CFD prediction of stern flap effect on Catamaran seakeeping behavior in long crest head wave

https://doi.org/10.1016/j.apor.2020.102367Get rights and content

Highlights

  • An inhouse CFD code with ship-motion predicting model and dynamic overset grid method is used to evaluate the influence of stern flap's dimension on resistance and motions of the catamaran in long crest head wave.

  • Presented numerical method is verified and validated by the uncertainty analysis for catamaran advancing in calm water and regular wave.

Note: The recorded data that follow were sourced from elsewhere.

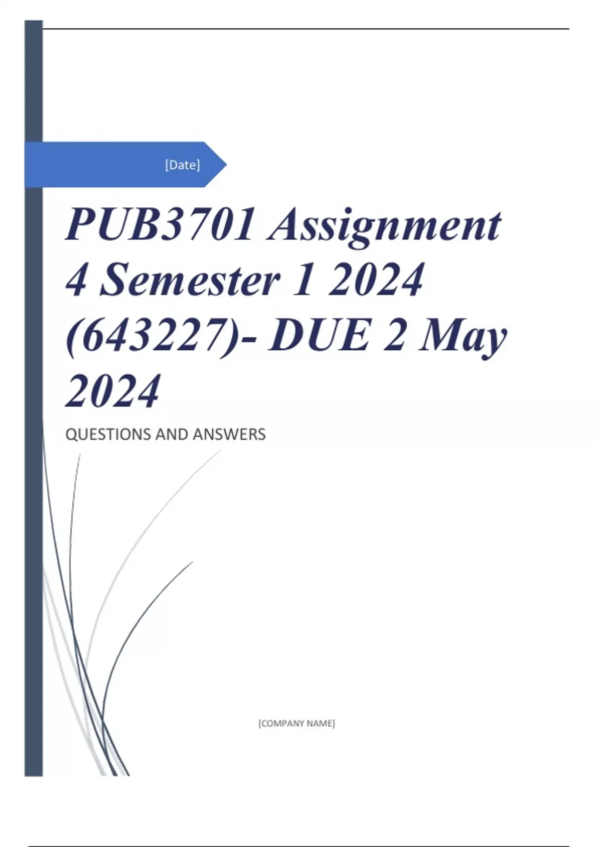 , PUB3701 Assignment 4 Semester 1 2024 (643227)- DUE 2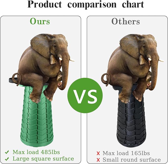 • Upgraded Square Collapsible Stool : Compared with round collapsible stool, the area is changed from 76 to 104 sq in, and the load capacity is upgraded from 397lbs to 485 lbs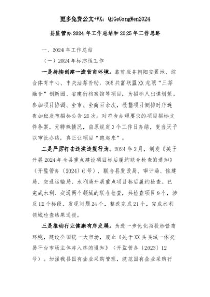 【七哥公文】2025年:县监管办2024年工作总结和2025年工作思路+更多免费公文+VX:QiGeGongWen2024+更多免费公文+VX:QiGeGongWen2024

  • Both model-scale and full-scale simulations are conducted to compare stern flap effect on the catamaran at model scale and full scale

Abstract

The paper presents the numerical studies of seakeeping behavior for a high-speed catamaran with stern flap advancing in long crest head wave. Both model-scale and full-scale simulations have been carried out in sea state 6 using unsteady Reynolds-averaged Navier-Stokes (URANS) solver. Uncertainty analyses were performed to verify the accuracy of the numerical solver. Model tests were conducted for the catamaran including resistance tests in calm water and seakeeping tests in regular waves to validate simulation results. The comparisons between simulation results and experimental results show good agreement. Seakeeping behaviors of models with/without stern flaps were predicted for the comparison and evaluation. Model-scale simulation results indicate that using stern flap could reduce catamaran's total resistance and the effects on heave and pitch motions are obvious in sea state 6. The installation of stern flap shows significant effect on the reduction of vertical acceleration's amplitudes, especially for reducing the occurrence of slamming impact due to the effective control of model's trim angle. Full-scale simulations have also been conducted and compared with results at model scale. Results show that effects of stern flap on heave and pitch motions are the same for both model-scale and full-scale catamaran. Residuary resistance coefficients on full-scale catamarans with/without stern flap are almost the same with model-scale simulations.

Introduction

Improvement of ship's seakeeping performance is one of the most important point in design procedure. A ship is usually hydrodynamically optimized in calm water condition. However, a good performance of the hull in calm water could not guarantee the good behavior in the seaway. As a result, the engineering must put resistance, propulsion, maneuvering and seakeeping together during conducting hydrodynamic optimization for ship. With particular regard to the seakeeping performance of a ship, the ship advancing in waves has been investigated by experimental fluid dynamics (EFD) and computational fluid dynamics (CFD) methods, with focus on the influences of waves on ship motions.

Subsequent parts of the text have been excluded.